Characterization of Transfer Using Multi-task Learning Curves
This work addresses the challenge of understanding transfer learning mechanisms for researchers and practitioners, though it appears incremental as it builds on existing multi-task learning approaches.
The authors tackled the problem of characterizing transfer effects in machine learning by proposing to model them using multi-task learning curves that track inductive performance across varying sample sizes, rather than through gradient updates during training. Their results on a drug-target interaction benchmark show that learning curves better capture multi-task learning effects and can delineate pairwise and contextual transfer effects in foundation models.
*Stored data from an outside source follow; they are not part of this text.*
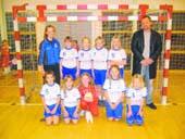 I midten ses Kvik/Ramtens Pige Puslinge-hold, der har fået nye spilledragter af Dagli’ Brugsen i Ørum.
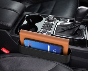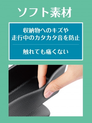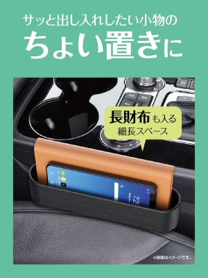 | ●ソフト素材のコンパクトな増設収納トレイです。 ●スマホ・駐車券・小銭などの小物から、置き場所に困りがちな長財布も収納できます。 ●シートの上に設置する浅めのトレイなので、ペンや小銭などの小物でも出し入れしやすく便利です。 ●車内への接触傷とカタカタ音を防止し、触れても痛くない柔軟性のあるソフト素材です。 ●シートサイドに差し込むだけの簡単取付けで、ベンチシートにも設置できます。 ●車内に馴染む本革調デザインです。 |
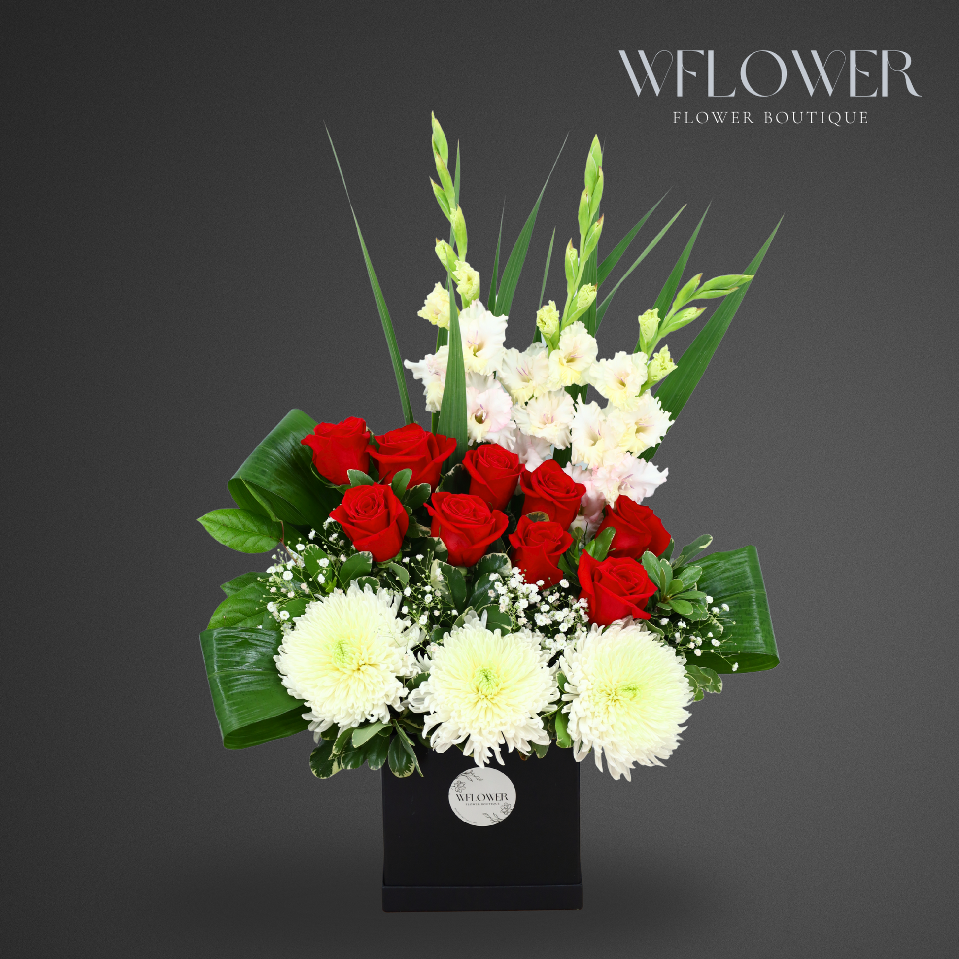 Bold yet refined, Imperial Romance is a striking composition that celebrates the grandeur of love. Deep red roses stand as symbols of passion, while ivory gladiolus and lush chrysanthemums bring balance and grace. Framed with sculpted greenery and delicate accents of baby’s breath, this arrangement is presented in a sleek black box for a truly regal effect. Perfect for anniversaries, grand gestures, or distinguished occasions, it is a statement of sophistication and devotion in every detail.
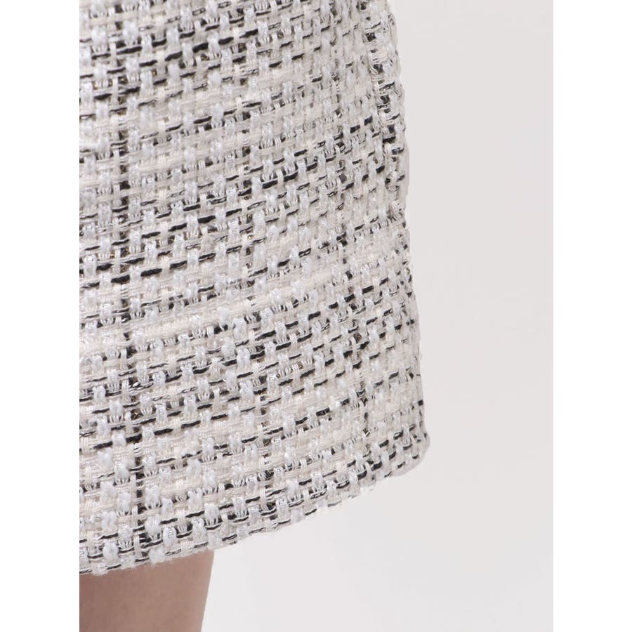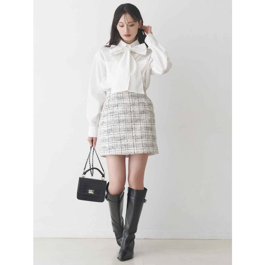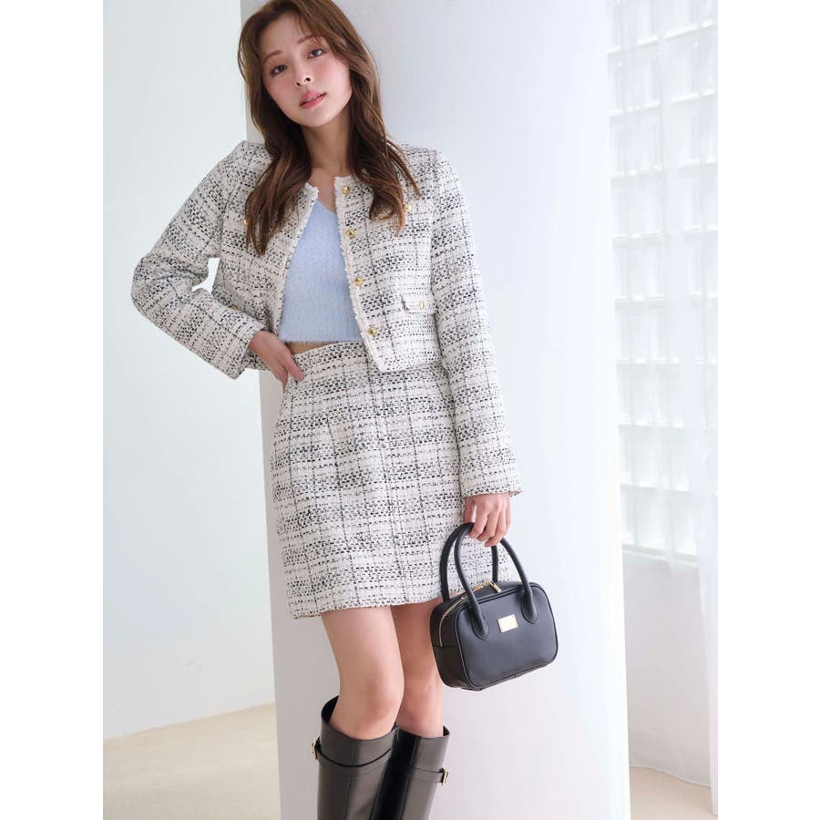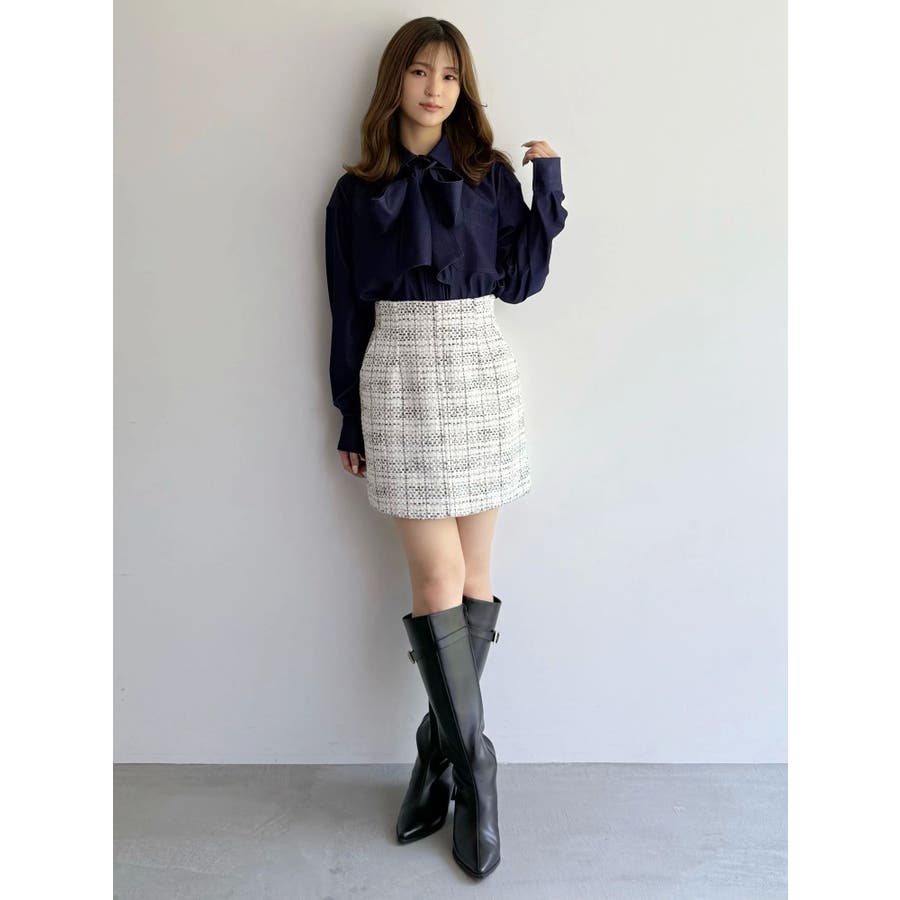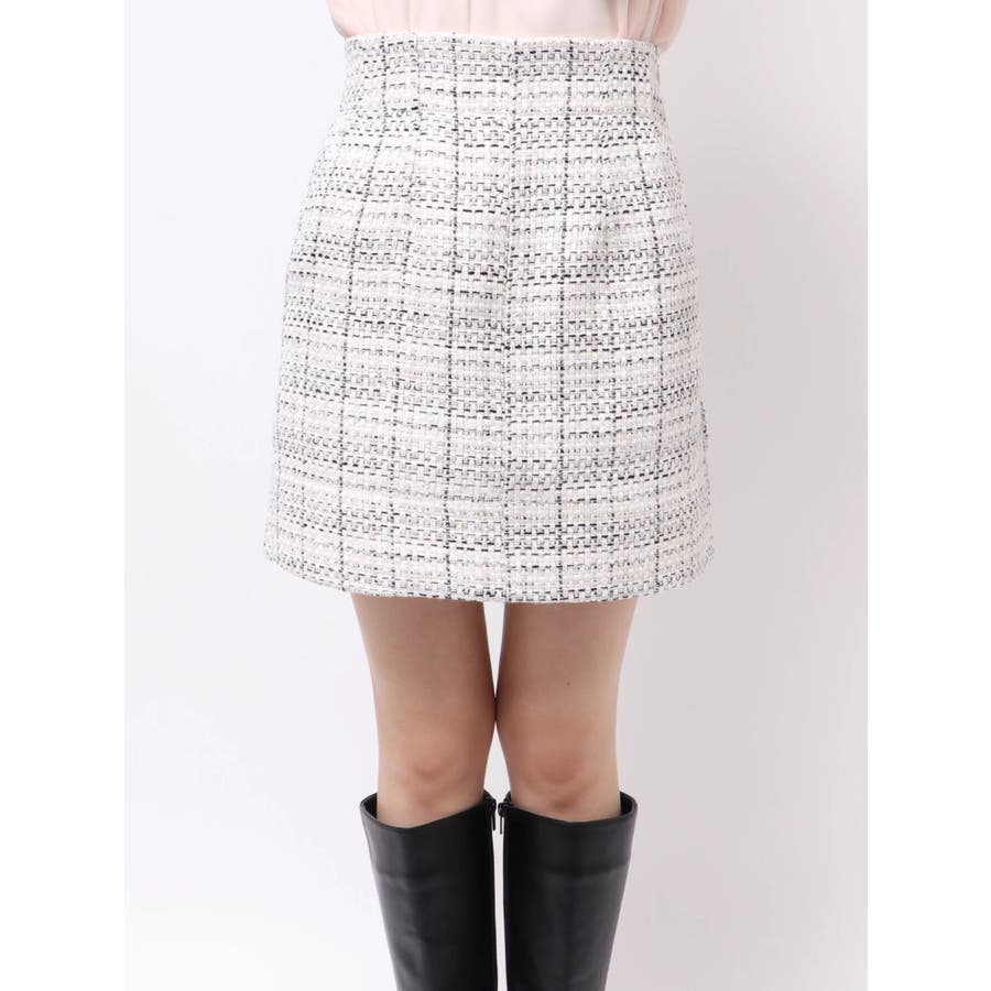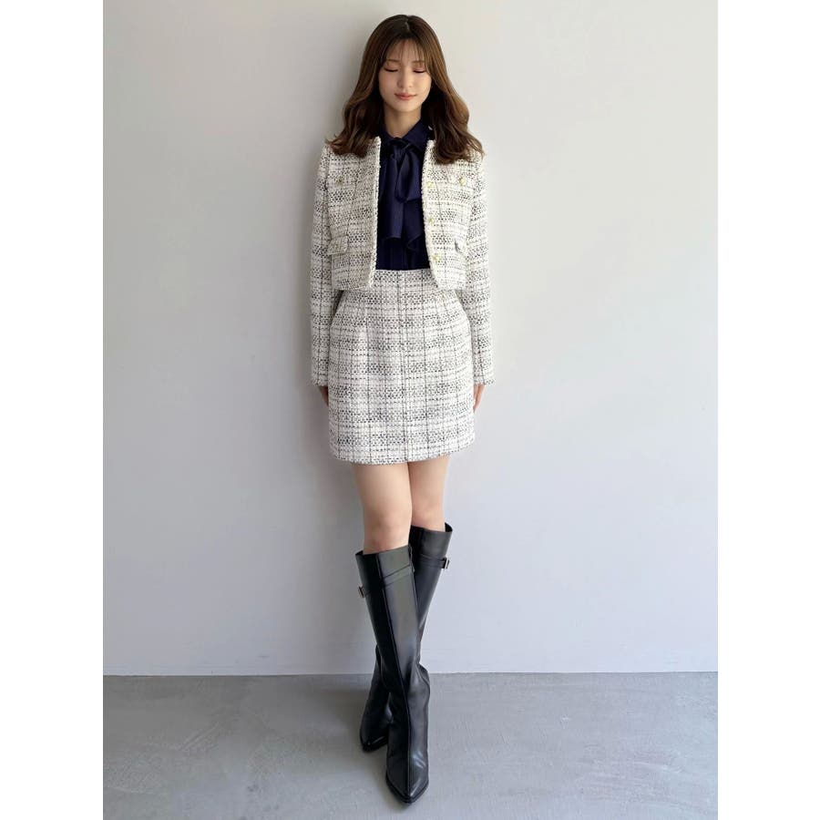"ツイード素材をマーキュリーデュオオリジナルで糸からこだわって作りました。生地にはシルバーの糸をスラブ糸に撚って、全体が上品な輝きになるよう配色しました。スカートの丈感は足が一番きれいに見える丈で作り、広がりすぎないタイトシルエットの台形ミニスカート。どんなトップスとも合わせやすいスカートです。▼スタイリングセットアップコーデのできる、ノーカラージャケットとロングブーツを合わせたスタイリングがおすすめ。トップスはぴたっとしたニットから、フリルブラウスでリボンを見せてたスタイリングもトラディッショナルな雰囲気を演出できます◎ペプラムジャケットに合わせても◎※着用画像はすべてサンプルです。※ブラックの色、青みが強いですが全体的にブラック寄りの色になります。※SM着丈差3cm"
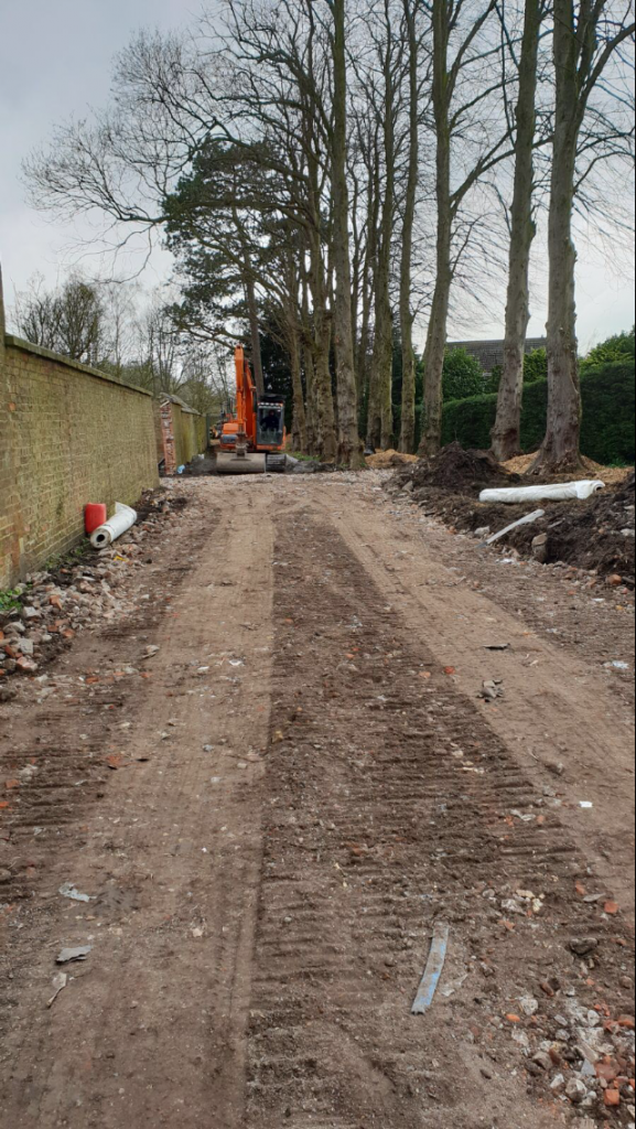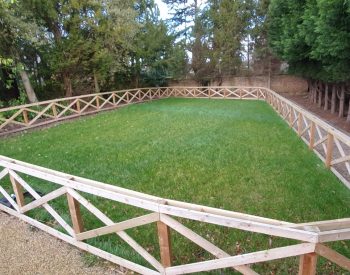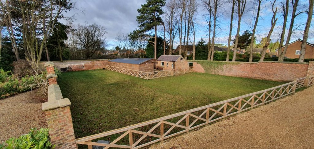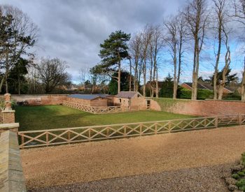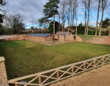 This was an exciting project, of which we have enjoyed watching the site transform.. Once an old nunnery, this site was very basic, just grass lawns and over grown shrub beds etc. Out client bought the site and has developed the site into a fantastic residential dwelling complete with equestrian arena, multi – use sports pitch/court etc. The rest of the site is being transformed into high end properties in a gated community. We have carried out various groundworks, (drains, services, concreting etc) landscaping, fencing, equestrian arena construction, paddock seeding, equestrian turn out area, paving, gravelling, planting, tree works, general site tidy, tarmacing, root garden installation etc.
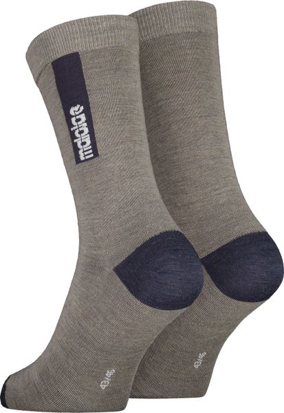 "The PERONEM. Sports socks from Maloja are the ideal choice for anyone who values comfort and functionality. These unisex socks are made from a temperature-regulating merino blend, which not only ensures a pleasant foot climate, but is also quick-drying. This makes them particularly suitable for sporting activities where perspiration is not uncommon. The modern length and Maloja lettering on a contrasting block stripe give the socks a fashionable look that blends in perfectly with any sports outfit. Whether you're running, cycling or at the gym, you'll be perfectly equipped with these socks."
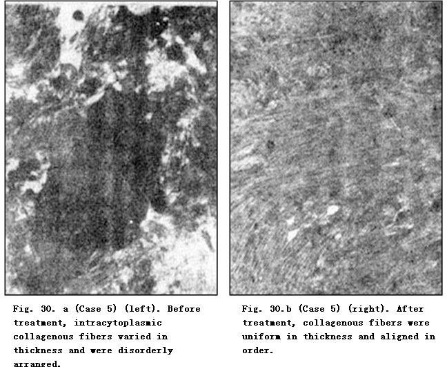 Electron Microscope: Before treatment, fibroblasts showed disrupted karyomorphism, contracted nucleoli, expanded perinuclear space and paranuclear vacuolar degeneration. A faint staining area was observed in the paranuclear margin of mussily arranged fibrocytes. Collagenous fibers varied in thickness with breaking and dissolution. After MEBO treatment, the nucleoli and nuclei of fibroblasts recovered to normal and collagenous fibers appeared to be uniform in thickness and orderly in arrangement. Master cells were occasionally visible after treatment in a few cases. Fibrocytes recovered to normal with orderly arrangement and intracytoplasmic rough endoplasmic reticulum appeared (Table 57).

Transfer effects manifest themselves both during training using a fixed data set and in inductive inference using accumulating data. We hypothesize that perturbing the data set by including more samples, instead of perturbing the model by gradient updates, provides a complementary and more fundamental characterization of transfer effects. To capture this phenomenon, we quantitatively model transfer effects using multi-task learning curves approximating the inductive performance over varying sample sizes. We describe an efficient method to approximate multi-task learning curves analogous to the Task Affinity Grouping method applied during training. We compare the statistical and computational approaches to transfer, which indicates considerably higher compute costs for the previous but better power and broader applicability. Evaluations are performed using a benchmark drug-target interaction data set. Our results show that learning curves can better capture the effects of multi-task learning and their multi-task extensions can delineate pairwise and contextual transfer effects in foundation models.